The undersigned has read the transcript of plaintiff's administrative hearing, closely read the decision of the ALJ, and reviewed the extensive exhibits contained in the administrative record. The issue is not whether the undersigned might have reached a different conclusion had he been presented with the same testimony and evidentiary materials, but whether the decision of the ALJ is supported by substantial evidence. The undersigned finds that it is.

B. Sequential Evaluation

A five-step process, known as "sequential" review, is used by the Commissioner in determining whether a Social Security claimant is disabled.

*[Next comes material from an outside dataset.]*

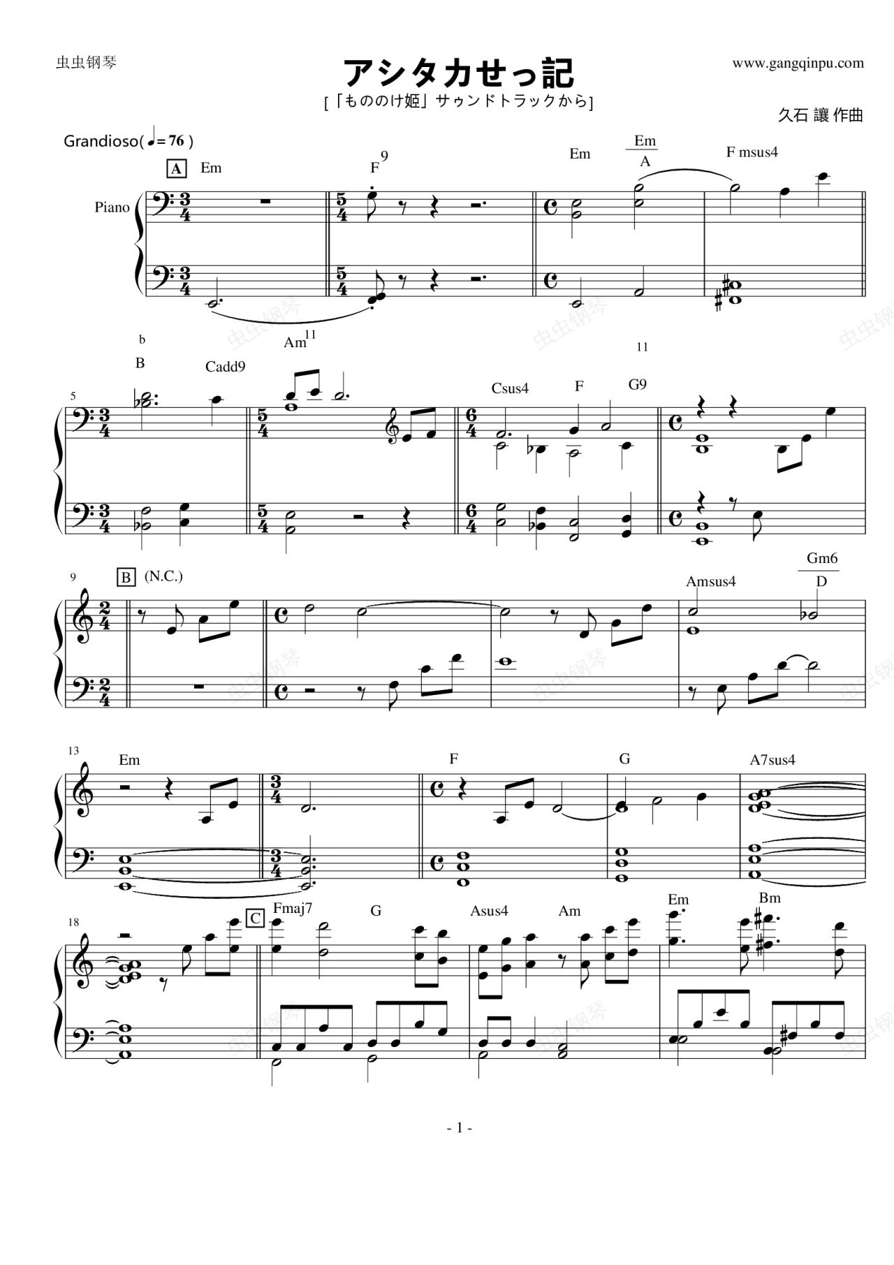 钢琴谱:《幽灵公主》原版配乐-1.アシタカせっ記

The Commissioner evaluates a disability claim under Title II pursuant to the following five-step analysis:

1. An individual who is working and engaging in substantial gainful activity will not be found to be "disabled" regardless of medical findings;
2. An individual who does not have a "severe impairment" will not be found to be disabled;
3. If an individual is not working and is suffering from a severe impairment that meets the durational requirement and that "meets or equals a listed impairment in Appendix 1" of Subpart P of Regulations No. 4, a finding of "disabled" will be made without consideration of vocational factors;
4. If, upon determining residual functional capacity, the Commissioner finds that an individual is capable of performing work he or she has done in the past, a finding of "not disabled" must be made;
5. If an individual's residual functional capacity precludes the performance of past work, other factors including age, education, and past work experience, must be considered to determine if other work can be performed.

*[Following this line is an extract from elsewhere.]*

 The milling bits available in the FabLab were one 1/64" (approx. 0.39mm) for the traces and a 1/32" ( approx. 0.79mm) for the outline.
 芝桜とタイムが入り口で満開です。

20 C.F.R. Part 404.1520(b)-(f). In this case, the Commissioner determined plaintiff's claim at the fourth step of the sequential-evaluation process.

C. The Administrative Decision

Plaintiff correctly points out that the ALJ erred in determining that plaintiff sought medical treatment on only five occasions during the relevant period, but is incorrect in asserting that the real number was 10. The administrative record reveals notes of seven doctor visits by plaintiff for back pain between January 1985 and July 1995, and one such note was not a part of the record when the decision issued. Thus, the ALJ was off by only one visit, which this court finds to be inconsequential. The defendant has also pointed out that the ALJ erred in determining that plaintiff's insured status expired September 30, 1995, when it really expired March 31, 1995. This error was in plaintiff's favor and, therefore, is not relevant.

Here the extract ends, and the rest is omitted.